In 1994, he won his second Grammy Award for Best Jazz Instrumental Group for a tribute album to Miles Davis. He appeared on the alternative hip hop group A Tribe Called Quest's influential album The Low End Theory on a track called "Verses from the Abstract". Carter also recorded as a member of the jazz combo the Classical Jazz Quartet. In 1994, Carter appeared on the Red Hot Organization's compilation album, Stolen Moments: Red Hot + Cool. The album, meant to raise awareness and funds in support of the AIDS epidemic in relation to the African-American community, was heralded as "Album of the Year" by TIME. In 2001, Carter collaborated with Black Star and John Patton to record "Money Jungle" for the Red Hot Organization's compilation album, Red Hot + Indigo, a tribute to Duke Ellington.

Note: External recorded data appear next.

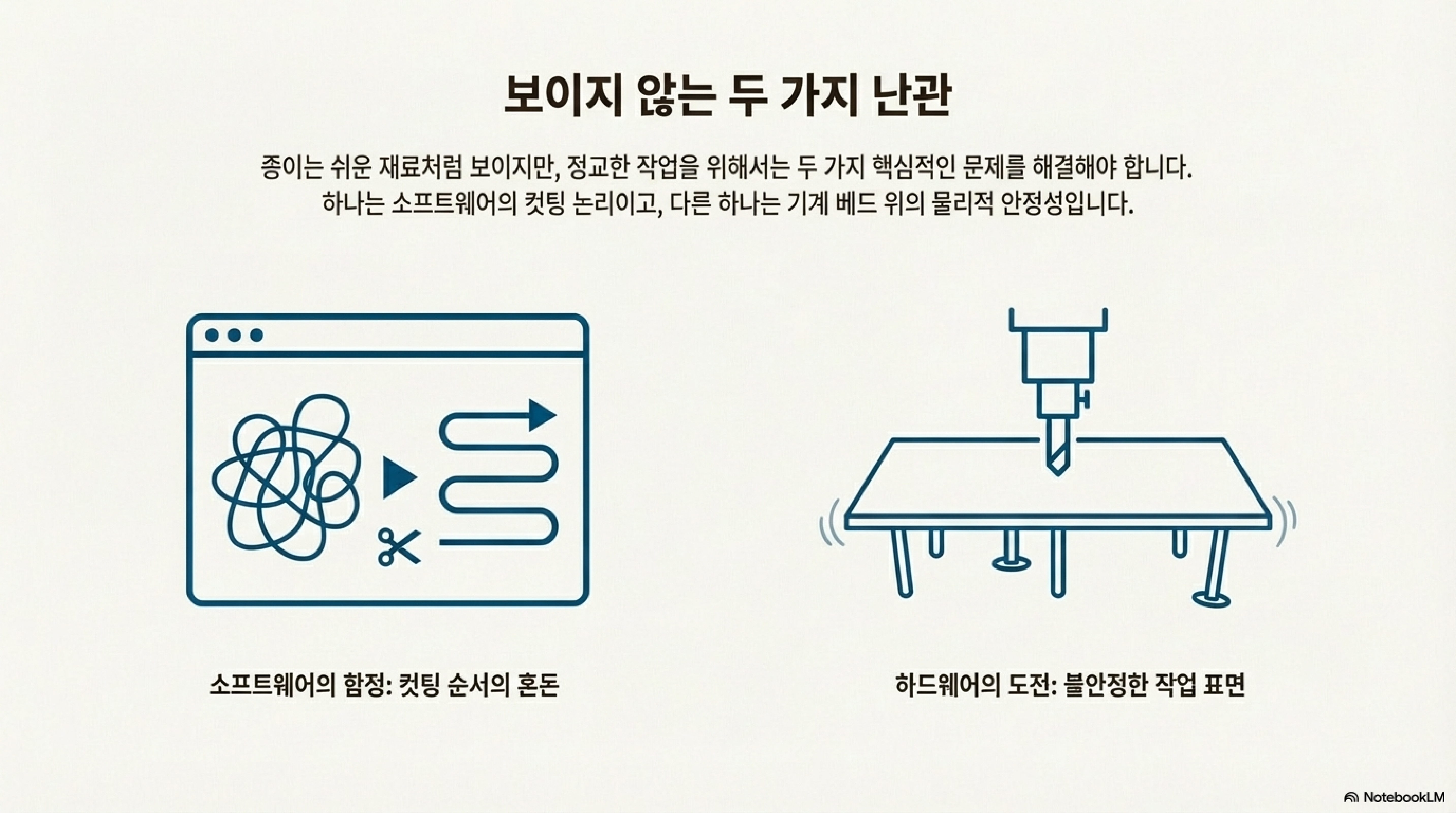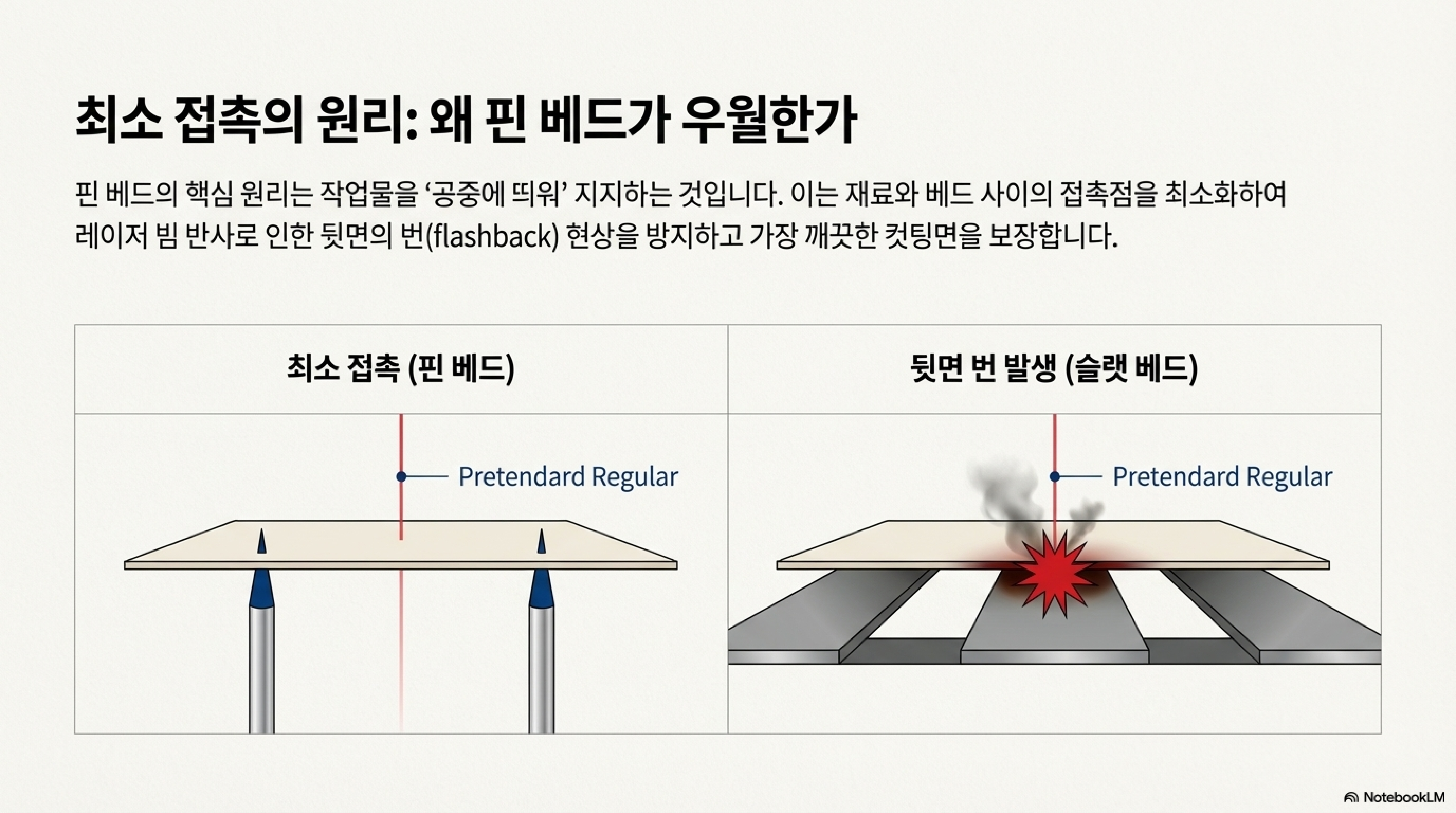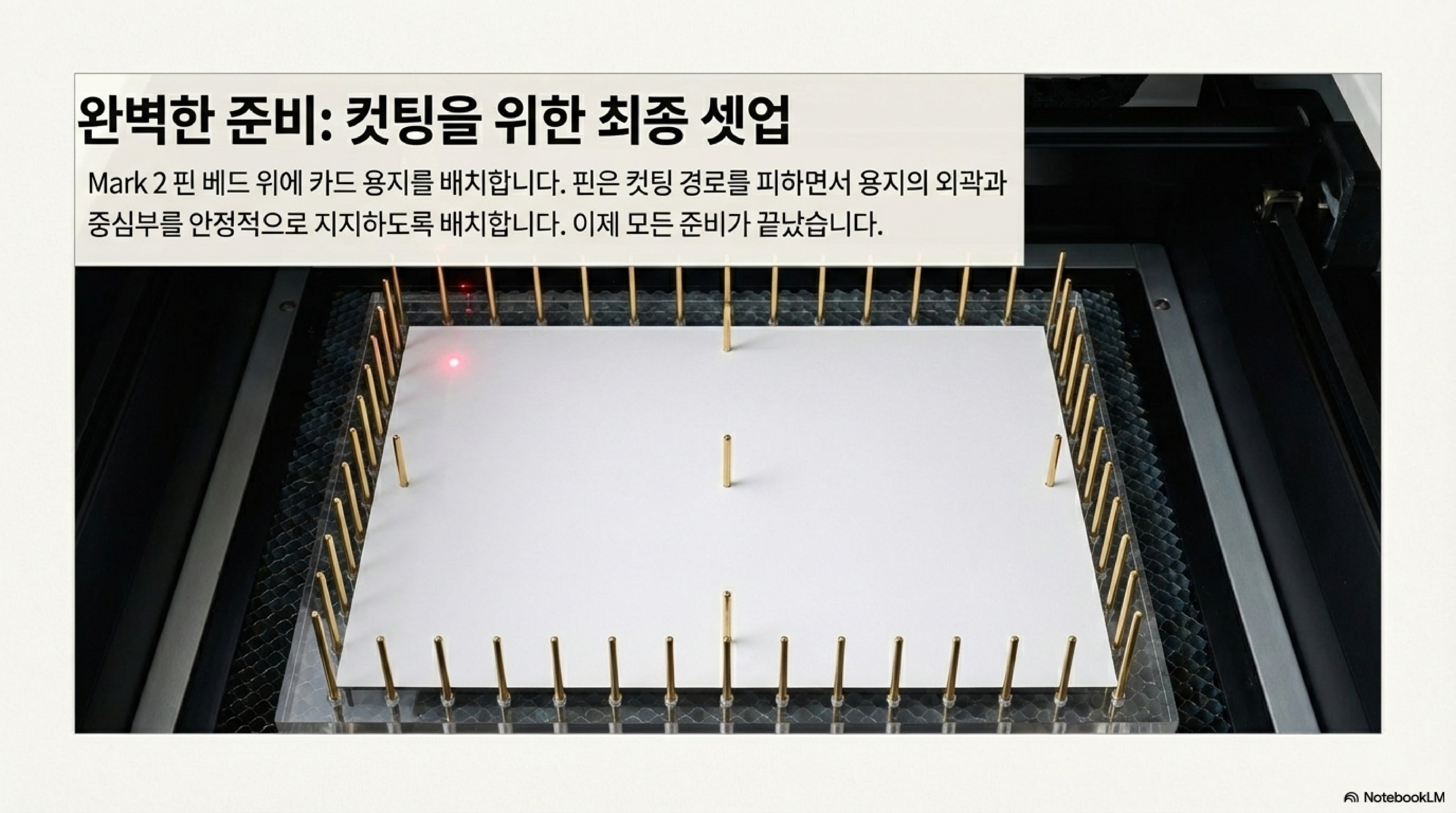 얇은 종이를 작업대 위에서 완벽하게 평평하게 유지하는 것은 매우 중요합니다. 이는 단지 레이저 반사로 인한 뒷면의 그을음을 막기 위함만이 아닙니다. 1밀리미터의 몇 분의 일이라도 높이가 달라지면 레이저의 초점 거리가 틀어져 절단 폭(kerf)이 넓어지거나 절단 품질이 저하되는 직접적인 원인이 됩니다.
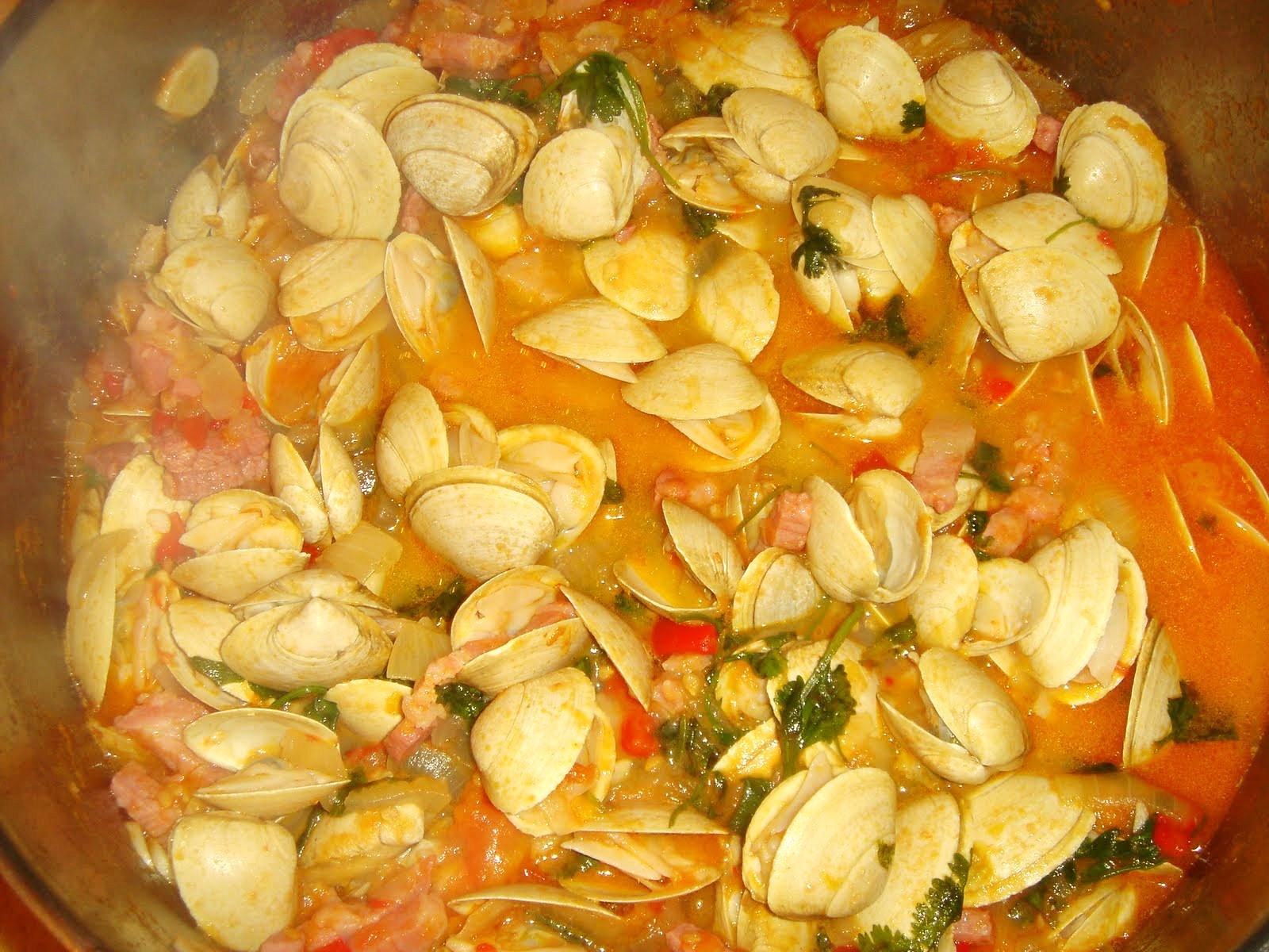 - Acrescentam-se-lhe as amêijoas que devem ferver em calda até abrirem sacudindo-se o tacho de vez em quando.
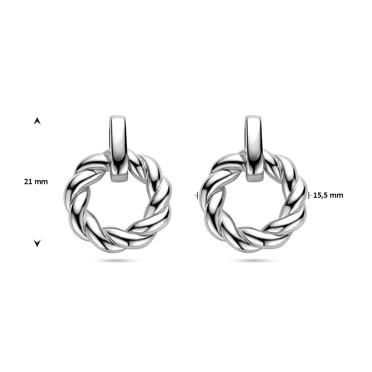 Ohrringe aus rhodiniertem 925er Silber mit Kreis. Die Ohrringe haben eine Gesamthöhe von 21 mm.
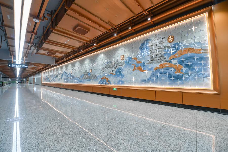 30米長的“蟠龍十景”公共藝術牆是站廳的“文化靈魂”。設計團隊從《蟠龍鎮志》中提取“江村野店、曲水縈居、柳榆晚照”等十大景緻,採用激光雕刻瓷片呈現輪廓,鐫刻於藝術牆長卷之上,通過水刀切割的瓷片拼合形成古鎮肌理,瓷片縫隙則暗藏嵌入式LED燈帶,燈光亮起時如繁星閃爍、似波光流轉,碰撞出時空褶皺,帶給乘客“一步一景、一時一境”的沉浸式體驗,彷彿“一步穿越千年”,實現歷史文化與當代藝術的生動對話。
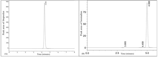 Representative chromatograms of (A) ibuprofen and (B) loratadine.
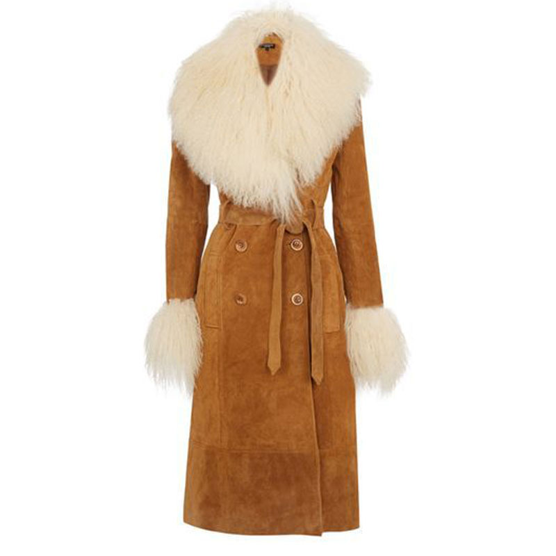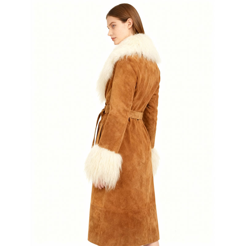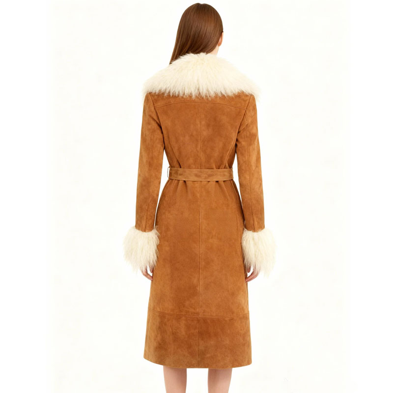 Crafted from buttery suede fabric in a warm caramel tone, this trench features an oversized real sheepskin fur collar and cuffs in contrasting ivory. The belted waist and double-breasted front create a flattering silhouette, while the natural textures lend high-end sophistication perfect for editorial and boutique curation.
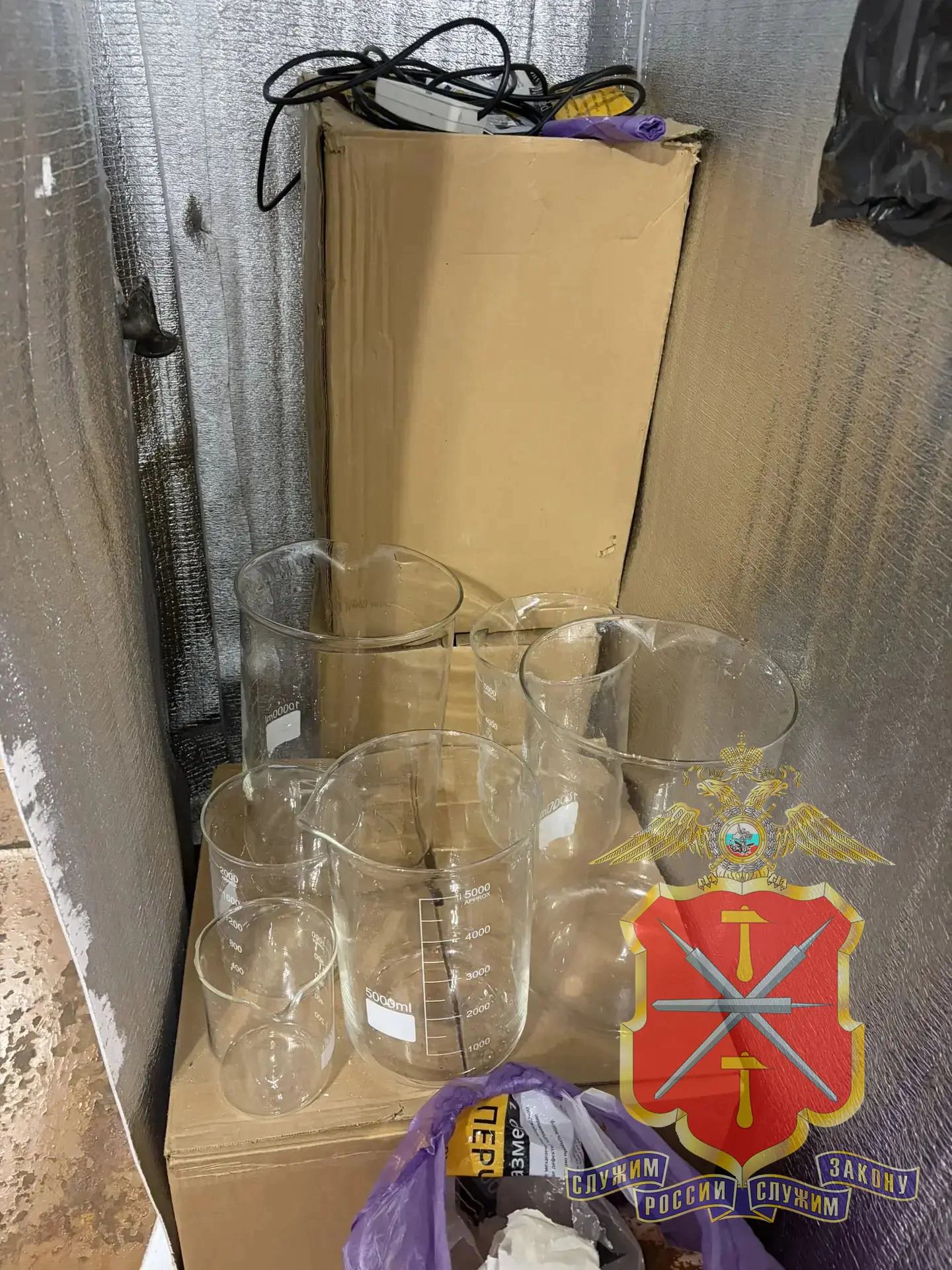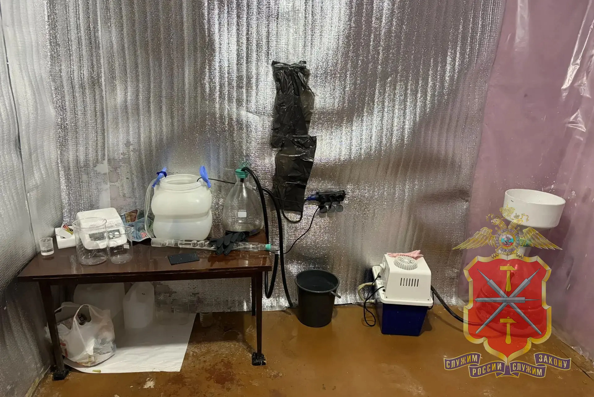 Во время осмотра дома, которым пользовался старший из подозреваемых, оперативники нашли химические реагенты, лабораторное оборудование, средства защиты и контейнеры с веществами. Экспертиза показала, что часть изъятого — это мефедрон общей массой больше 1,4 килограмма.
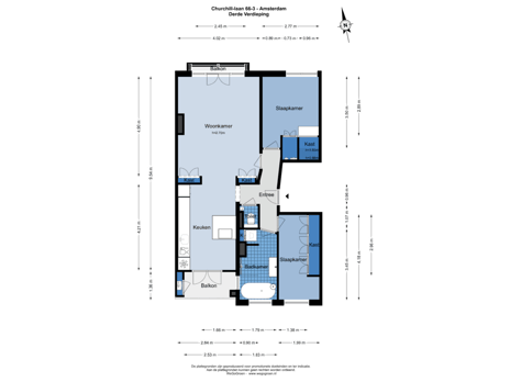 De entree bevindt zich aan de Churchill-laan en geeft via het gezamenlijke trappenhuis toegang tot de derde verdieping. Bij binnenkomst in de woning leidt de centrale hal naar alle vertrekken. Aan de voorzijde bevindt zich de eerste slaapkamer, evenals de ruime en lichte doorzon woonkamer met een open verbinding naar de keuken. Aan de achterzijde bevindt zich de tweede slaapkamer, de badkamer en de moderne open keuken. De luxueuze keuken is voorzien van diverse inbouwapparatuur en is een 'eyecatcher'. Zowel vanuit de keuken als vanuit de woonkamer is een balkon bereikbaar. De woning beschikt over een fraaie badkamer voorzien van ligbad, inloopdouche en aansluiting voor de wasmachine en droger. Het toilet bevindt zich separaat in de hal. Daarnaast is er een zeer ruime berging op de zolderverdieping, voorzien van elektra en daglicht en de mogelijkheid om eventueel een dakterras te realiseren.

Beginning in the 1990s, Carter became a Distinguished Professor Emeritus of the music department of City College of New York, having taught there for 20 years, and received an honorary doctorate from the Berklee College of Music in spring 2005. He joined the faculty of the Juilliard School in New York City in 2008, teaching bass in the school's Jazz Studies program. Carter made an appearance in Robert Altman's 1996 film, Kansas City, at the center of which is a jazz club called the Hey Hey Club. The film's end credits feature Carter and fellow bassist Christian McBride duetting on "Solitude" at the club, owned by a black gangster called Seldom Seen, who was played by a "show-stealing" Harry Belafonte. (In a 2023 tribute, Carter would reveal how it came about that Belafonte had been his landlord.)

Carter sits on the advisory committee of the board of directors of The Jazz Foundation of America and on the Honorary Founder's Committee. Carter has worked with the Jazz Foundation since its inception to save the homes and the lives of America's elderly jazz and blues musicians including musicians that survived Hurricane Katrina.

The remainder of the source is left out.